Abstract

Ectopic pregnancy (EP) is associated with significant morbidity and mortality, but the molecular mechanism of this condition is still unclear. miR-196b, a hot research direction for the past few years, participates in the occurrence of various diseases but whether it plays a regulatory role in EP is still unclear. This research was set to investigate the expression and potential value of miR-196b in EP. qRT-PCR was utilized to determine the relative expression of miR-196b in peripheral blood of EP patients and to observe the expression changes of miR-196b before and after treatment. Correlation analysis of miR-196b with HCG and progesterone was performed. Logistic regression analysis was applied to independent risk factors affecting EP patients. TargetScan was utilized to predict the downstream target genes of miR-196b, and GO and KEGG analysis was carried out using the R language pack. qRT-PCR showed that miR-196b expression in peripheral blood of EP patients was lower than that of normal people. miR-196b expression in patients after treatment was notably higher than that before treatment. In addition, correlation analysis showed that miR-196b was positively correlated with the expression of HCG, progesterone, and estradiol. Risk factor analysis revealed that abortion history, pelvic inflammatory disease history, lower abdominal surgery history, and miR-196b were independent risk factors for EP, and the AUC of the combined ROC curve was 0.899. GO function enrichment and KEGG signal pathway enrichment found 10 potential functions and 2 potential signal pathways of miR-196b. miR-196b is expressed in EP patients, is differentially expressed according to the change in EP condition, and is expected to become a promising index for clinical diagnosis of EP.

1. Introduction

Pregnancy is a unique clinical situation as it can be accompanied by special diseases [1]. Ectopic pregnancy (EP) is a complication of early pregnancy, in which the fertilized eggs are planted anywhere outside the uterine cavity without entering the uterus. Fallopian tube EP is the most common clinically [2]. At present, the clinical diagnosis of EP is mainly made by ultrasound combined with serum human chorionic gonadotropin (hCG)/progestogen [3]. However, with continuous serum hCG measurement, the patient is at risk of tubal rupture during the delay before the next hCG assessment [4]. In addition, the use of serum hCG and/or progesterone to determine EP is limited by false negative and false positive rates [5]. Hence, we hope to find new potential markers of early EP to solve this problem.

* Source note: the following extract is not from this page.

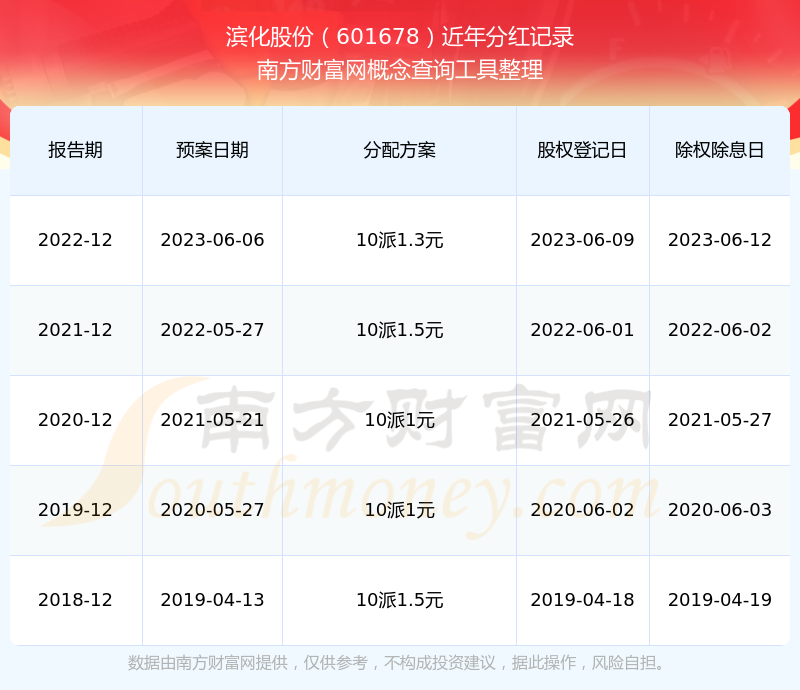 濱化股份最新一次公布的分紅方案:10派1.3元。

MicroRNAs (miRs) are short-chain noncoding RNAs with a length of 17–21 nt [6]. miRs are used to be able to target downstream genes through the 3-UTR end to regulate cell proliferation, differentiation, and programmed cell death [7, 8]. A close relationship between miRs and EP has been found by more and more studies. For example, the team of Zhang [9] explored the clinical significant of hsa-miR-1247 and hsa-miR-1269a expression in EP caused by salpingitis. miR-196b, as an early discovered miR [10], is differentially expressed in tumors [11]. miR-196b has low expression in EP [12], but in EP it remains unclear. EP is a complication of early pregnancy, and most patients will suffer from severe pelvic pain [13]. At present, the pathogenesis of EP is still unclear. Some scholars believe that embryo retention may be caused by damage to the embryo-fallopian tube environment, which leads to fallopian tube implantation [14, 15].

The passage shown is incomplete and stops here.